Juan A. Bonachela, Robert Mitchell Pringle, Efrat Sheffer, Tyler C. Coverdale, Jennifer A. Guyton, Kelly K. Caylor, Simon Asher Levin, Corina E. Tarnita

Research output: Contribution to journalArticlepeer-review

110 Scopus citations

Abstract

Self-organized spatial vegetation patterning is widespread and has been described using models of scale-dependent feedback between plants and water on homogeneous substrates. As rainfall decreases, these models yield a characteristic sequence of patterns with increasingly sparse vegetation, followed by sudden collapse to desert.

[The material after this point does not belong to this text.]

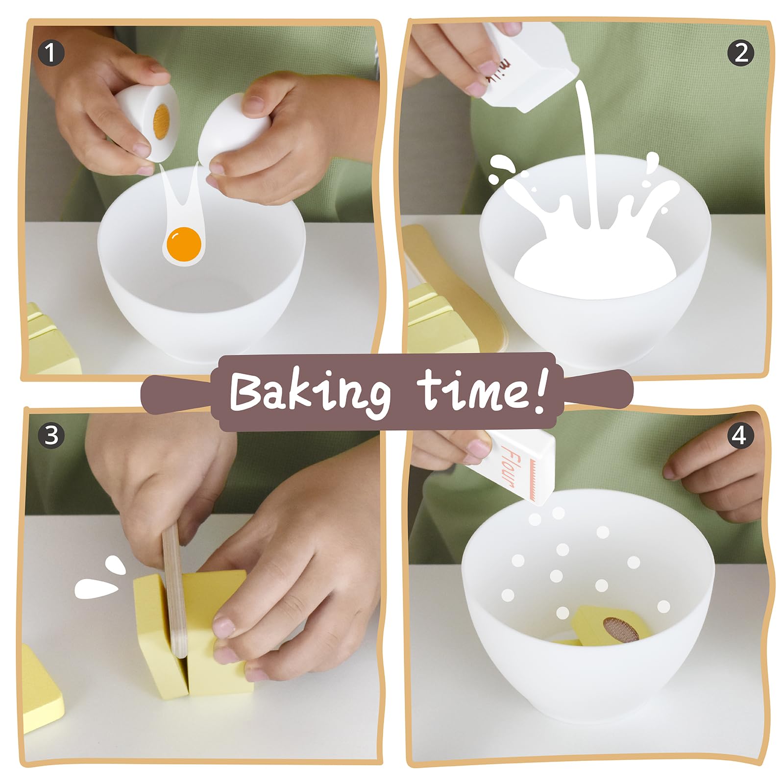 - Q: What materials are used in the construction of this wooden baking set? A: This baking set is made of high-quality wood and finished with non-toxic water-based paint, ensuring safety while your child enjoys pretend play.

Thus, the final, spot-like pattern may provide early warning for such catastrophic shifts. In many arid ecosystems, however, termite nests impart substrate heterogeneity by altering soil properties, thereby enhancing plant growth.We show that termite-induced heterogeneity interacts with scale-dependent feedbacks to produce vegetation patterns at different spatial grains. Although the coarse-grained patterning resembles that created by scale-dependent feedback alone, it does not indicate imminent desertification. Rather, mound-field landscapes are more robust to aridity, suggesting that termites may help stabilize ecosystems under global change.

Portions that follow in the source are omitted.